Approach and Results
We recruited patients with type 2 diabetes without viral hepatitis or excessive alcohol intake from a complication screening facility in Hong Kong in 2013‐2014 and repeated the assessments in 2016‐2018. The primary endpoint was an increase of liver stiffness measurement (LSM) to ≥10 kPa. The secondary endpoint was the change in the controlled attenuation parameter (CAP). A total of 611 patients with type 2 diabetes and a valid LSM (mean age, 57.7 ± 10.9 years; 342 men [56.0%]) were included in this study (568 also had a valid CAP). Overall, there was moderate correlation between the baseline and follow‐up LSM (r = 0.689, P < 0.001). Among 487 patients with a baseline LSM <10 kPa, 21 (4.3%) had a follow‐up LSM ≥10 kPa. Baseline body mass index, alanine aminotransferase (ALT), and ∆ALT were independent factors associated with LSM increase. Among 124 patients with a baseline LSM ≥10 kPa, 70 (56.5%) had a follow‐up LSM <10 kPa.
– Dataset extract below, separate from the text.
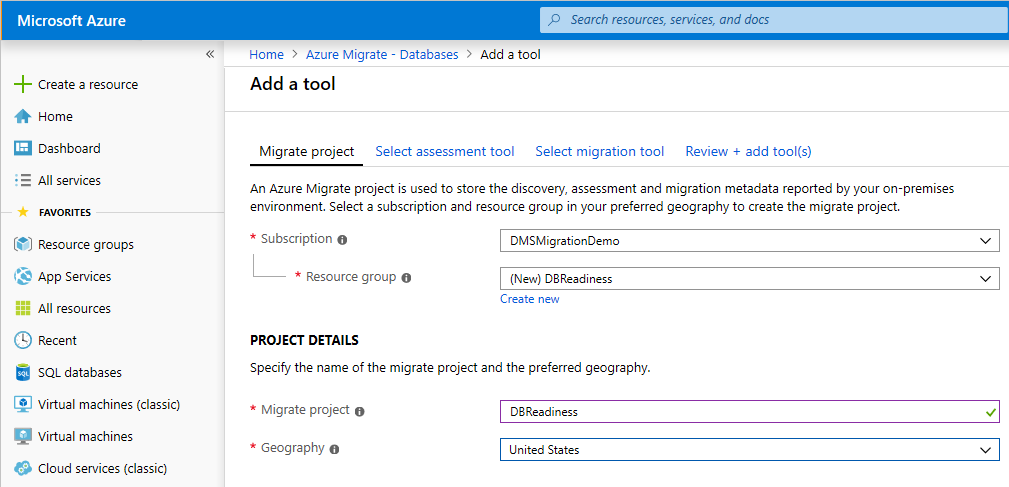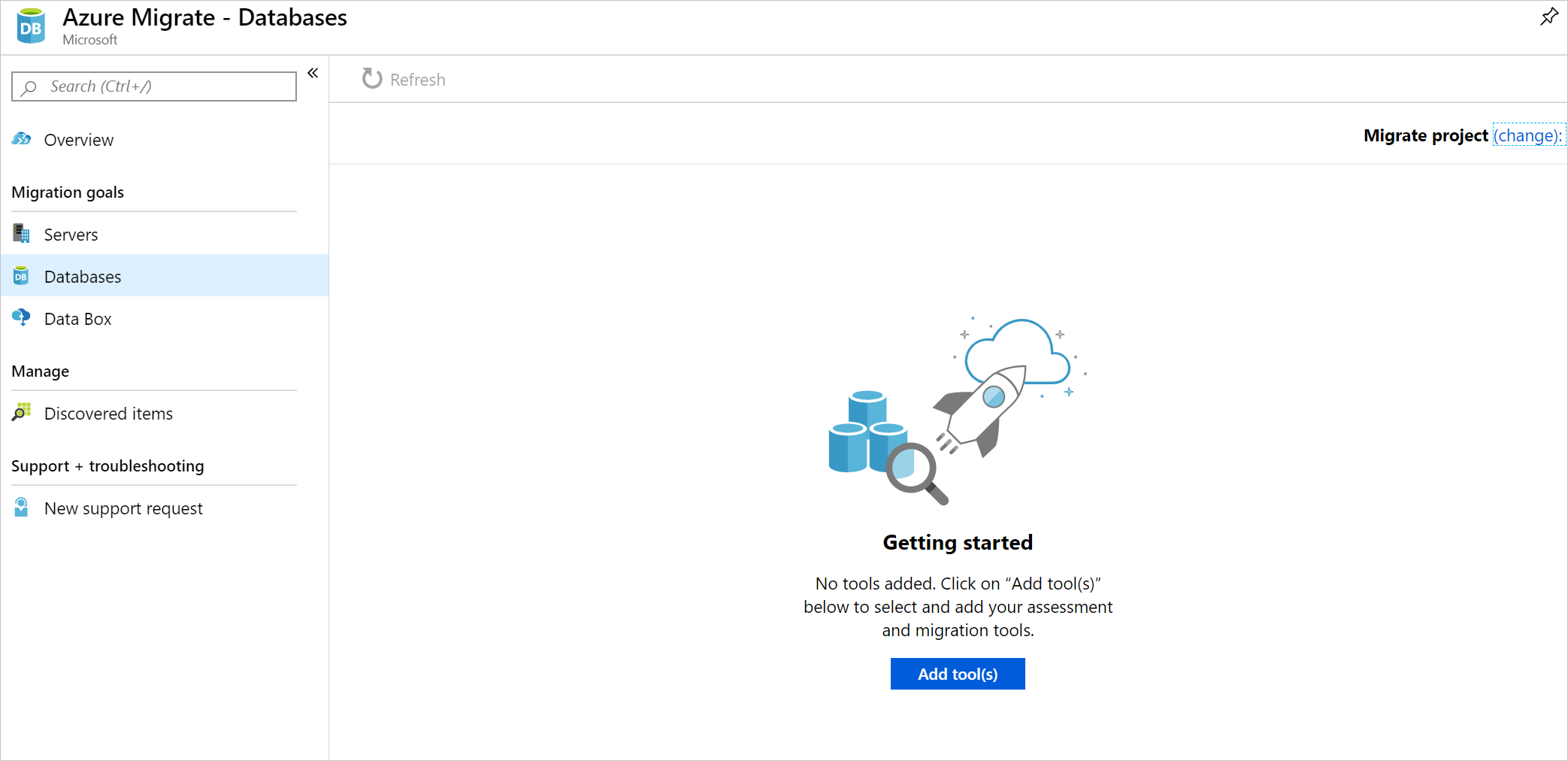 When you create a project, you must add at least one assessment or migration tool.

Among 198 patients with a CAP <248 dB/m at baseline, 103 (52.0%) had a CAP increased to ≥248 dB/m.
Conclusions
The prevalence and incidence of NAFLD in patients with type 2 diabetes are high. Although advanced fibrosis is common in this population, few patients progress to advanced fibrosis in 3 years. Future studies should define the optimal surveillance interval in patients with diabetes.